I try so hard to live by the theory of “enjoy every day”. I don’t want to live for weekends. I don’t want to wish that the next 32 days were just over, because within those 32 days are my three year anniversary to an amazing guy, four Dance Moms days with my best friends, and probably a few pool days and park days and dragging my cat on a leash to keep him from getting pudgy days. There will be smiles, and laughter, and sitting on the kitchen floor with a glass of cheap wine talking about life with my best friend, feeling simultaneously excited and terrified, and kitten cuddles, and dressing up and feeling like a princess, and dressing like a blind hobo on laundry day and feeling so comfortable.

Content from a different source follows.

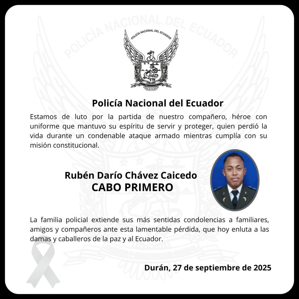La Policía Nacional del Ecuador lamenta informar el fallecimiento del Cabo Primero Rubén Darío Chávez Caicedo, quien perdió la vida en un ataque armado mientras cumplía funciones como parte del equipo de seguridad del concejal de Durán, Hugo Obando.

Maybe there isn’t an encouraging message to this article. Maybe we do waste a lot of our lives wishing it were the weekend or summer or eight months from now. We all know that in theory taking time to stop and smell the roses is important. We all know that life is short and that we should live life to the fullest. But sometimes we get so caught up in what we have to do that we don’t realize that we are living life to the fullest we can manage…
My definition of living life to the fullest would be living on the beach with a pit bull and running on the sand with her in tow. It would be making yummy dinners every night in my well-decorated apartment. It would be having a job I love.
But I can’t do that right now. Right now, I absolutely have to go to college, and finish college. I can’t get around that. So maybe my “fullest” right now is having good friends that make me laugh until I cry, and bringing my laptop to my bathroom and taking bubble baths while browsing buzzfeed, and ordering the blueberry muffin I want instead of the grapes that wouldn’t hold me over (but are classically seen as better for you).
I’m doing the best I can right now. I’m not in the position to hike mountains or explore the world or look like a fashion model. I’m in the position to survive the next eight months so I can eventually do all those things.